:: DATA RECORDS ::

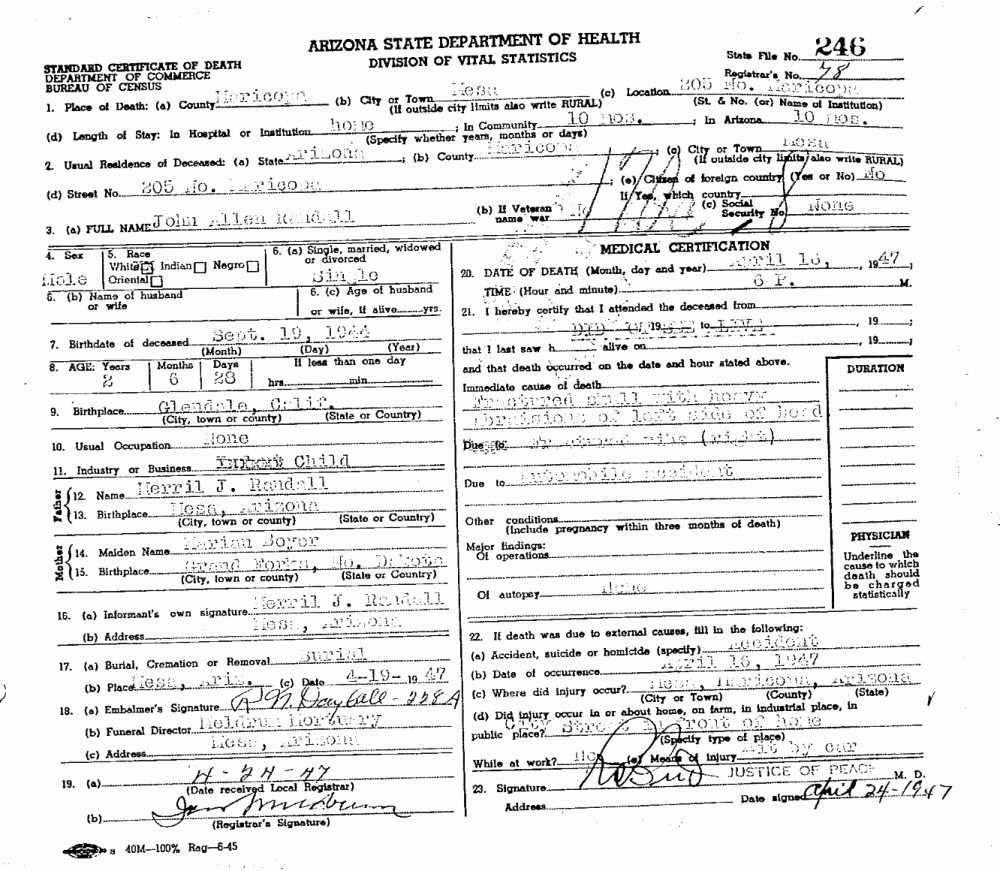 Died: April 16, 1947 in Mesa, Maricopa County, Arizona.
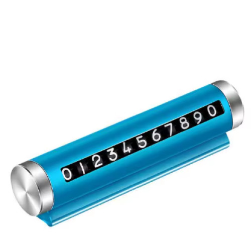 Синя парковочна табличка для авто — акуратне рішення для тимчасової парковки. Це табличка з номером телефону для авто з алюмінієвим корпусом і матовим покриттям; алюмінієва табличка для автомобіля виглядає стримано та сучасно. Роликовий механізм дозволяє швидко виставити змінні цифри й показати номер телефону під лобове скло — без наклейок і зайвого клопоту. Компактний формат 10.5×2.7 см не закриває огляд і пасує до будь-якого салону.
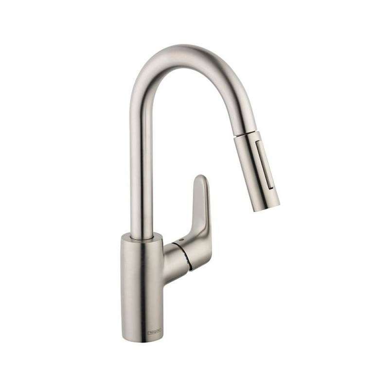 Ergonomic pull-down with full and needle sprays enhances the faucets versatility
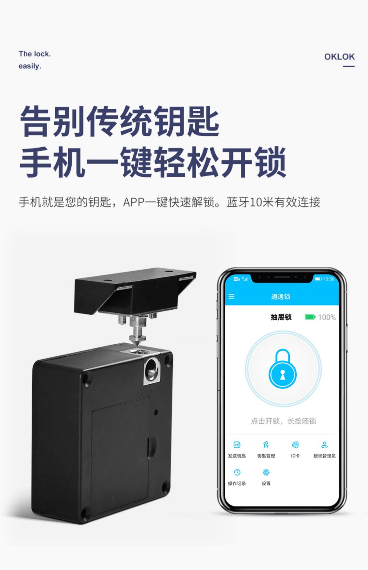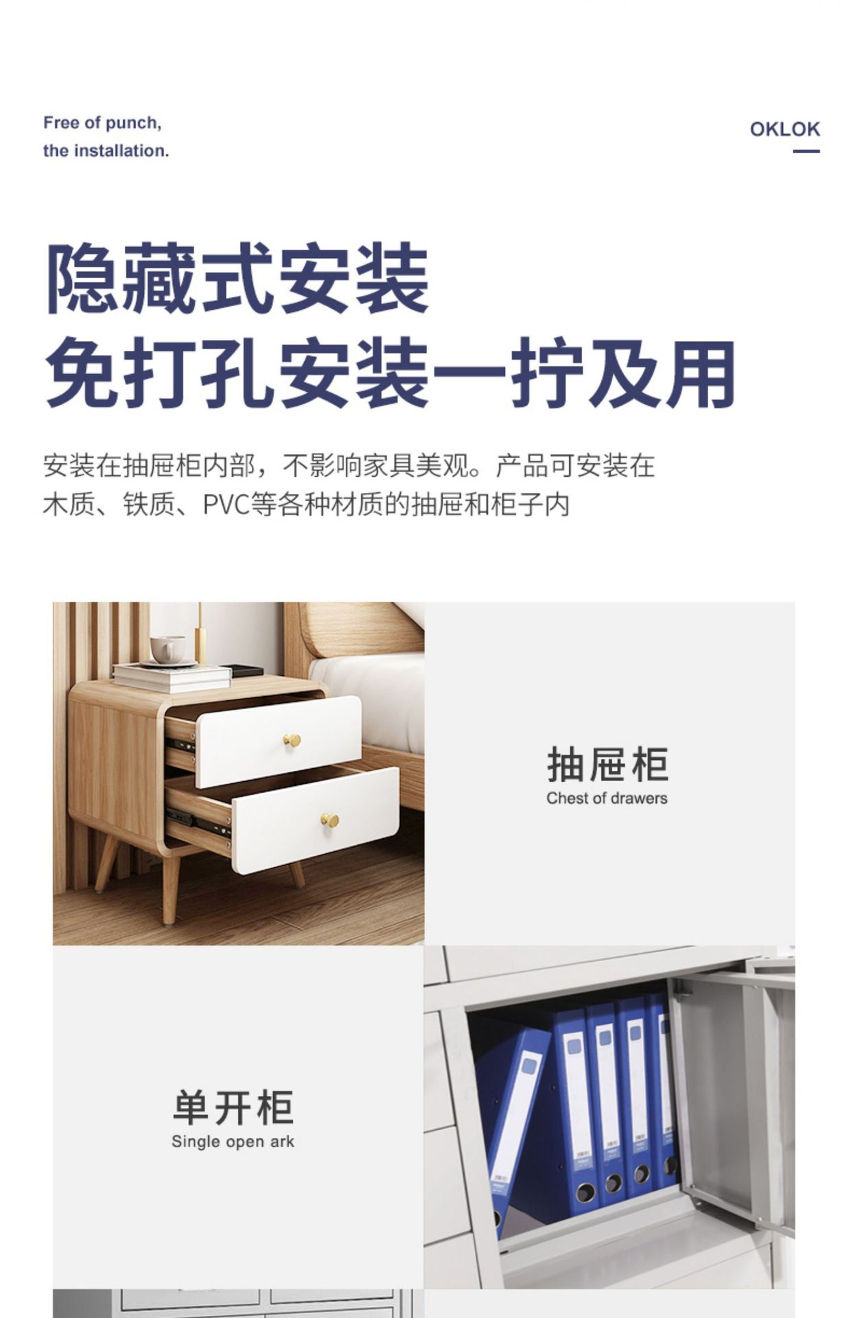 13抽屉锁免开孔鞋柜门衣柜子智能密码电子感应锁家用隐形暗锁文件
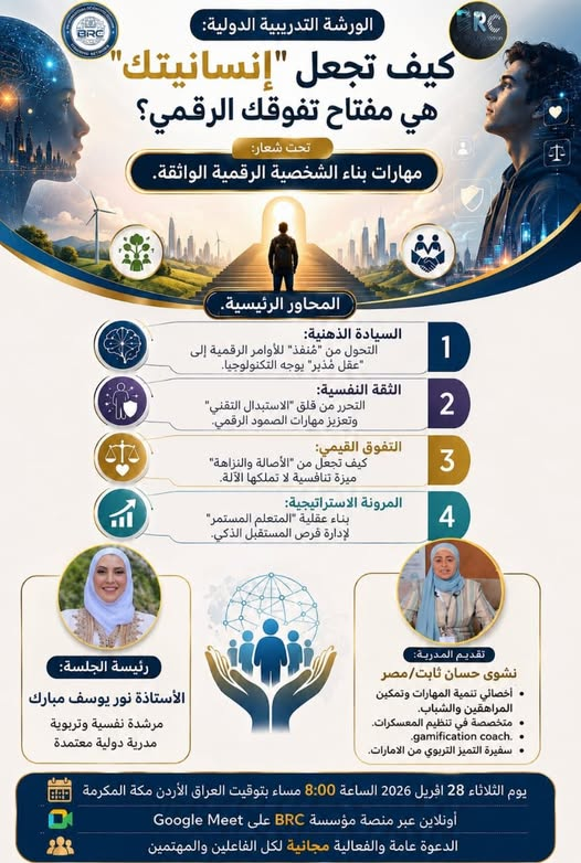 الورشة التدريبية الدولية : كيف تجعل “إنسانيتك” هي مفتاح تفوقك الرقمي؟.. ​ 28 ابريل 2026..
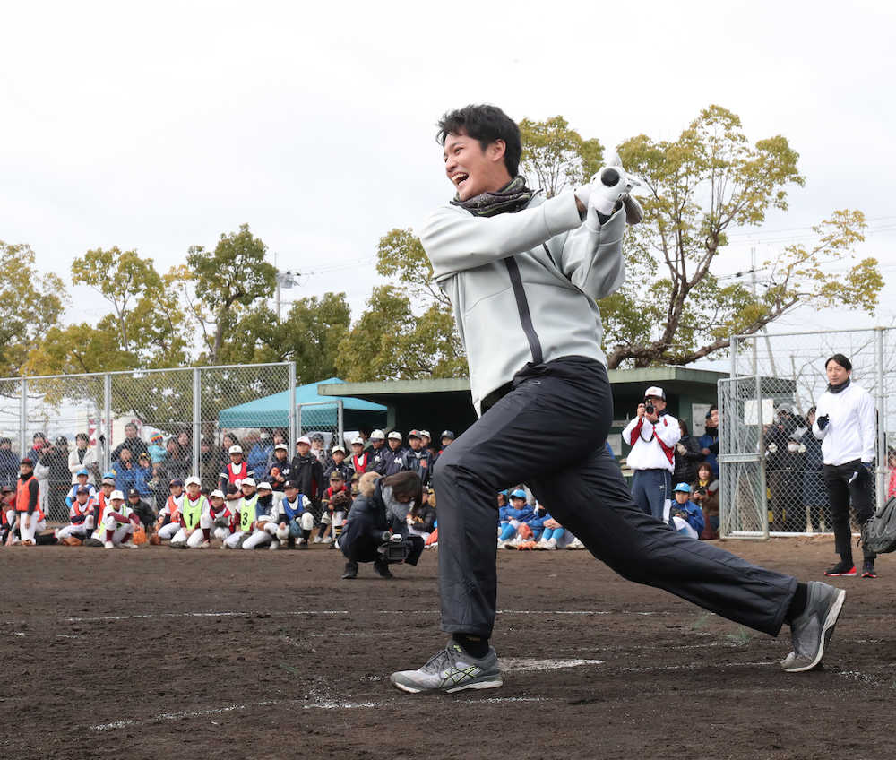 根底にあるのは、野球振興への強い思いだ。「どんどん子供が減っていく中で、野球は見るスポーツとしては人気ですけど、やるスポーツとしては落ちてきている」と危機感を抱く。野球人口減少に歯止めをかける一環として、この日は契約するゼット社の協賛も得て、小野市と近郊の10チーム、小学6年生約75人を相手に野球教室を開催。キャッチボール指導、自らノッカーとなっての守備練習、夢の1打席対決などで野球の「楽しさ」を伝え、多くの笑顔を咲かせた。
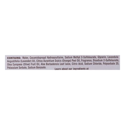 Aromatherapeutic household products creating clean and happy homes since 2001. Tough on dirt and grime. Gentle on your home. Lavender has been valued for years for having a wonderful scent. It is said to relax, soothe & relieve fatigue. All from an herb. Contains olive oil & aloe vera. Made with: Plant derived ingredients; natural essential oils; glycerin; olive oil & aloe vera extract. Made without: Parabens & phthalates; triclosan & formaldehyde; MEA & DEA; artificial colors. Time to go shopping. mrsmeyers.com. mrsmeyers.com/ingredients-glossary. Learn about our ingredients at mrsmeyers.com/ingredients-glossary. Bottles are made with at least 25% post-consumer plastic. Please recycle. Contents are biodegradable. Product ingredients are at least 98% naturally derived. Cruelty free.
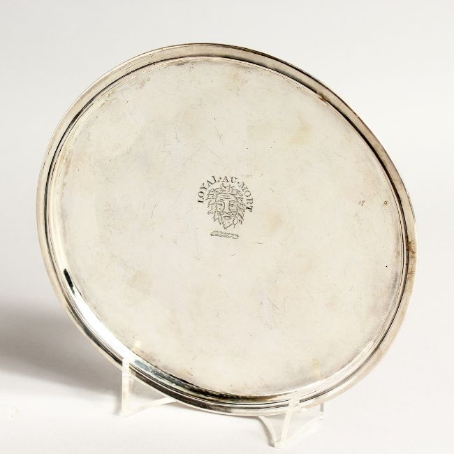 A GEORGE I IRISH SILVER CIRCULAR TAZZA with crest, Loyal. Au. Mort, with a face.
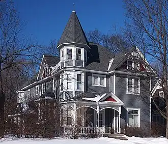 The Simon Weldele House is a wood frame building rising two and a half stories. It is irregular in plan, with multiple gables emerging from a hip roof, and a polygonal corner tower. Elements of Queen Anne style include the wraparound porch with turned posts, fretwork gable panels, stained glass, and polychrome exterior.[3]
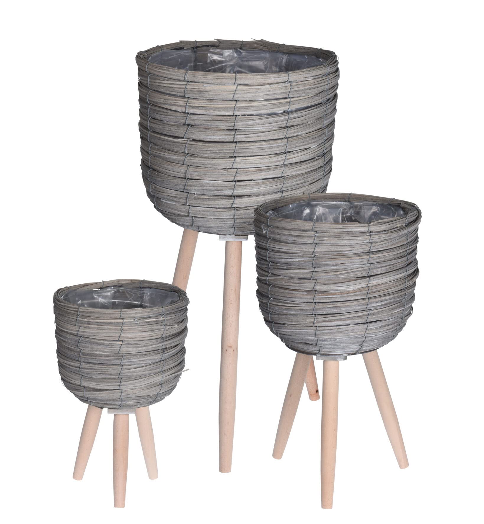 Description générale Support de fleurs en rotin gris, ce lot de 3 jardinières sur pieds en bois massif naturel apporte une touche chic à votre décoration intérieure ou extérieure. Les paniers en osier rotin sont conçus pour accueillir vos plantes tout en étant esthétiques et pratiques. Spécifications techniques Dimensions : environ 60 cm x 30 cm, 45 cm x 25 cm, 33 cm x 21 cm... Jardinière en rotin tressé sur 3 pieds - Pieds en bois massif Les paniers peuvent être plantés directement grâce au film intégré Lot 3 Pots Gris Hauteurs Différentes Lot De 3 Supports De Pots De Fleurs Trigone Noir Et Blanc à Prix Supports Plantes Hauteurs Différentes Matériaux : bois / métal / plastique - Couleur : gris / naturel Chaque support a un pot amovible (environ 17x15 cm pour les petits, 19x18 cm pour le grand) - pratique pour rempoter ou arroser. Le design est épuré et moderne... Dimensions : environ 60 cm x 30 cm - Environ 45 cm x 25 cm / env. Jardinière Pot de Fleurs avec pieds bleu gris 40x40x42 cm PP CVW58797

:: EXERCISE OBJECTIVE ::
Word for word, give the entries above again, with no images included.

:: ANSWER ::
 Died: April 16, 1947 in Mesa, Maricopa County, Arizona.
 Синя парковочна табличка для авто — акуратне рішення для тимчасової парковки. Це табличка з номером телефону для авто з алюмінієвим корпусом і матовим покриттям; алюмінієва табличка для автомобіля виглядає стримано та сучасно. Роликовий механізм дозволяє швидко виставити змінні цифри й показати номер телефону під лобове скло — без наклейок і зайвого клопоту. Компактний формат 10.5×2.7 см не закриває огляд і пасує до будь-якого салону.
 Ergonomic pull-down with full and needle sprays enhances the faucets versatility
 13抽屉锁免开孔鞋柜门衣柜子智能密码电子感应锁家用隐形暗锁文件
 الورشة التدريبية الدولية : كيف تجعل “إنسانيتك” هي مفتاح تفوقك الرقمي؟.. ​ 28 ابريل 2026..
 根底にあるのは、野球振興への強い思いだ。「どんどん子供が減っていく中で、野球は見るスポーツとしては人気ですけど、やるスポーツとしては落ちてきている」と危機感を抱く。野球人口減少に歯止めをかける一環として、この日は契約するゼット社の協賛も得て、小野市と近郊の10チーム、小学6年生約75人を相手に野球教室を開催。キャッチボール指導、自らノッカーとなっての守備練習、夢の1打席対決などで野球の「楽しさ」を伝え、多くの笑顔を咲かせた。
 Aromatherapeutic household products creating clean and happy homes since 2001. Tough on dirt and grime. Gentle on your home. Lavender has been valued for years for having a wonderful scent. It is said to relax, soothe & relieve fatigue. All from an herb. Contains olive oil & aloe vera. Made with: Plant derived ingredients; natural essential oils; glycerin; olive oil & aloe vera extract. Made without: Parabens & phthalates; triclosan & formaldehyde; MEA & DEA; artificial colors. Time to go shopping. mrsmeyers.com. mrsmeyers.com/ingredients-glossary. Learn about our ingredients at mrsmeyers.com/ingredients-glossary. Bottles are made with at least 25% post-consumer plastic. Please recycle. Contents are biodegradable. Product ingredients are at least 98% naturally derived. Cruelty free.
 A GEORGE I IRISH SILVER CIRCULAR TAZZA with crest, Loyal. Au. Mort, with a face.
 The Simon Weldele House is a wood frame building rising two and a half stories. It is irregular in plan, with multiple gables emerging from a hip roof, and a polygonal corner tower. Elements of Queen Anne style include the wraparound porch with turned posts, fretwork gable panels, stained glass, and polychrome exterior.[3]
 Description générale Support de fleurs en rotin gris, ce lot de 3 jardinières sur pieds en bois massif naturel apporte une touche chic à votre décoration intérieure ou extérieure. Les paniers en osier rotin sont conçus pour accueillir vos plantes tout en étant esthétiques et pratiques. Spécifications techniques Dimensions : environ 60 cm x 30 cm, 45 cm x 25 cm, 33 cm x 21 cm... Jardinière en rotin tressé sur 3 pieds - Pieds en bois massif Les paniers peuvent être plantés directement grâce au film intégré Lot 3 Pots Gris Hauteurs Différentes Lot De 3 Supports De Pots De Fleurs Trigone Noir Et Blanc à Prix Supports Plantes Hauteurs Différentes Matériaux : bois / métal / plastique - Couleur : gris / naturel Chaque support a un pot amovible (environ 17x15 cm pour les petits, 19x18 cm pour le grand) - pratique pour rempoter ou arroser. Le design est épuré et moderne... Dimensions : environ 60 cm x 30 cm - Environ 45 cm x 25 cm / env. Jardinière Pot de Fleurs avec pieds bleu gris 40x40x42 cm PP CVW58797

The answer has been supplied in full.